On Mon, 2024-12-09 at 13:37 +0100, Felix Huettner wrote:
> On Fri, Dec 06, 2024 at 10:10:21AM +0100,
> [email protected] wrote:
> > On Thu, 2024-12-05 at 15:28 +0100, Felix Huettner wrote:
> > > On Thu, Dec 05, 2024 at 02:08:37PM +0100,
> > > [email protected] wrote:
> > > > Hi Felix and Dumitru,
> > > > Thanks for posting this standalone change Felix.

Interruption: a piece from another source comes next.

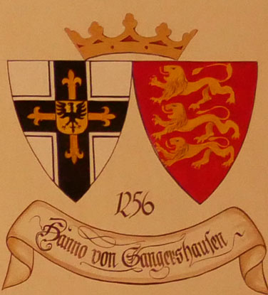 Abb. oben rechts: 1256-1273 Anno (Hanno) von Sangershausen (-8.7.1273, aus einer thüringischen Familie, 1253 Landmeister von Livland, Hochmeister 1256, Besiedlungspolitik, Preußenaufstand, Ort seines Todes und Begräbnisses unbekannt). Wappen aus zwei separaten Schilden, rechts das Hochmeisterkreuz, links in Rot drei schreitende goldene Löwen übereinander (von Sangershausen). In der von Hans-Georg Boehm publizierten historischen Handschrift wird das Wappen in gevierter Form wiedergegeben, was zu dieser frühen Zeit äußerst unwahrscheinlich ist, Feld 1 und 4: Hochmeisterkreuz, Feld 2 und 3: von Sangershausen. Im Berliner Wappenbuch Einzelschild, aber andere Tinkturen, in Silber drei schwarze, golden gezungte und ebenso bewehrte, hersehende, schreitende Löwen übereinander. Für das Wappen der thüringischen von Sangershausen bzw. Grafen von Sangershausen werden in Rot drei (2:1) goldene Löwen angegeben.

I'm going to
> > > > take
> > > > it
> > > > for a spin and try to integrate it to Frode's original "route
> > > > leaking"
> > > > RFC.
> > > > I have one question/suggestion for the schema that I'll leave
> > > > below.
> > > >
> > > > On Thu, 2024-12-05 at 14:00 +0100, Felix Huettner via dev
> > > > wrote:
> > > > > The Route table will be used in the future to coordinate
> > > > > routing
> > > > > information between northd and ovn-controller.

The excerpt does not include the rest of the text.